For those of us that are .NET developers at heart, we have powerful tools for running serverless C# applications on AWS. AWS Lambda now officially supports .NET 10 as a managed runtime, providing long-term support (LTS) through November 2028.
Modern C# support in Lambda has evolved beyond early .NET Core. Developers can now utilize C# File-Based apps, which eliminate much of the traditional boilerplate code. These functions typically publish as Native AOT (Ahead-of-Time) by default, offering up to an 86% improvement in cold start times by removing the need for JIT compilation at runtime.
Prerequisites:
- Development Environment: Visual Studio 2022 (latest version) with the .NET 10 SDK installed.
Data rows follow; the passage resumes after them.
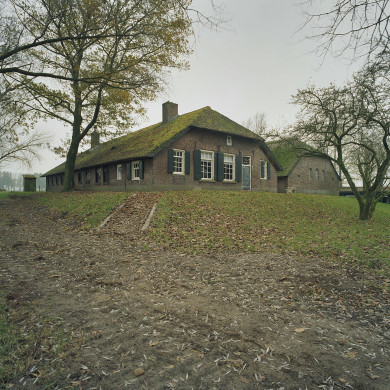 Veluwse boerderij onder rieten schilddak met in het woongedeelte vensters met 20-ruitsschuiframen en luiken, 18e eeuw.
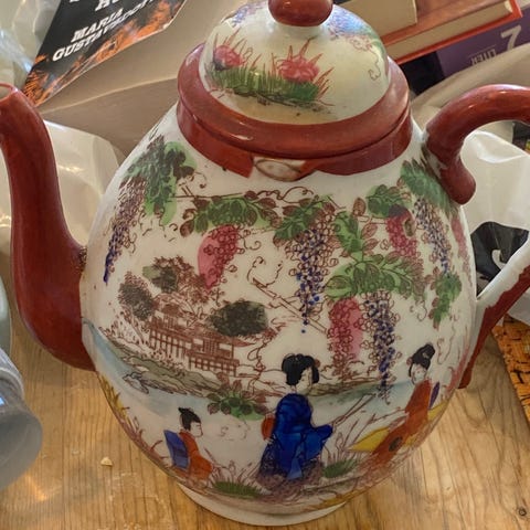 Teservis i persikofärg med motiv av pagoder och japanska landskap. Ofta även kallad för dragonware” eller ”geisha girl porcelain” från mitten av 1900-talet.
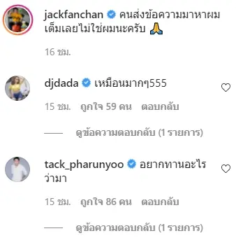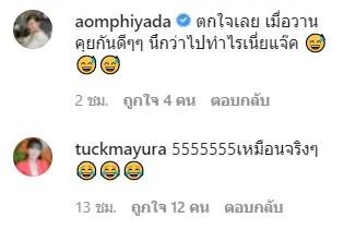 งานนี้ทำเอาเพื่อนนักร้องนักแสดงในวงการบันเทิงมากมาย ไม่ว่าจะเป็น ตุ๊กกี้ สุดารัตน์ , ซัน ประชากร , ดีเจเอกกี้ เอกชัย และ ตั๊ก มยุรา ต่างแห่เข้ามาคอมเมนต์กันเป็นเสียงเดียวกันว่า เหมือนมาก
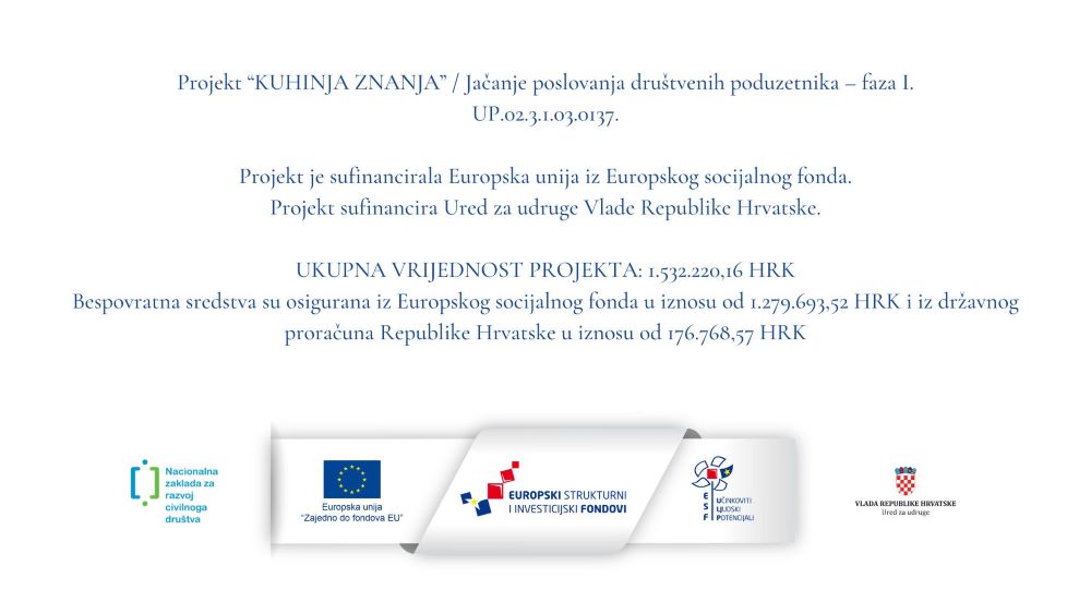 Projekt Kuhinja znanja su sufinancirali Europska unija iz Europskog socijalnog fonda te Ured za udruge Vlade Republike Hrvatske.

- AWS Toolkit for Visual Studio: Install the latest extension from the Visual Studio Marketplace. It now includes Amazon Q Developer for AI-assisted coding and one-click publishing.
Getting Started with the .NET CLI:
The fastest way to scaffold a new function is using the Amazon Lambda Templates. You can install and create a file-based function with these commands:
dotnet new install Amazon.Lambda.Templates
dotnet new lambda.FileBased -n MyLambdaFunction
Key Project References:
- Amazon.Lambda.Core: The foundational library for Lambda functions.
- Amazon.Lambda.RuntimeSupport: Required for file-based apps and Native AOT.
- Amazon.Lambda.Serialization.SystemTextJson: High-performance JSON serialization using source generators.
Using the AWS Toolkit, you can right-click your project and select "Publish to AWS Lambda" to deploy instantly. The toolkit handles the complexity of Native AOT container builds automatically if Docker is installed on your machine.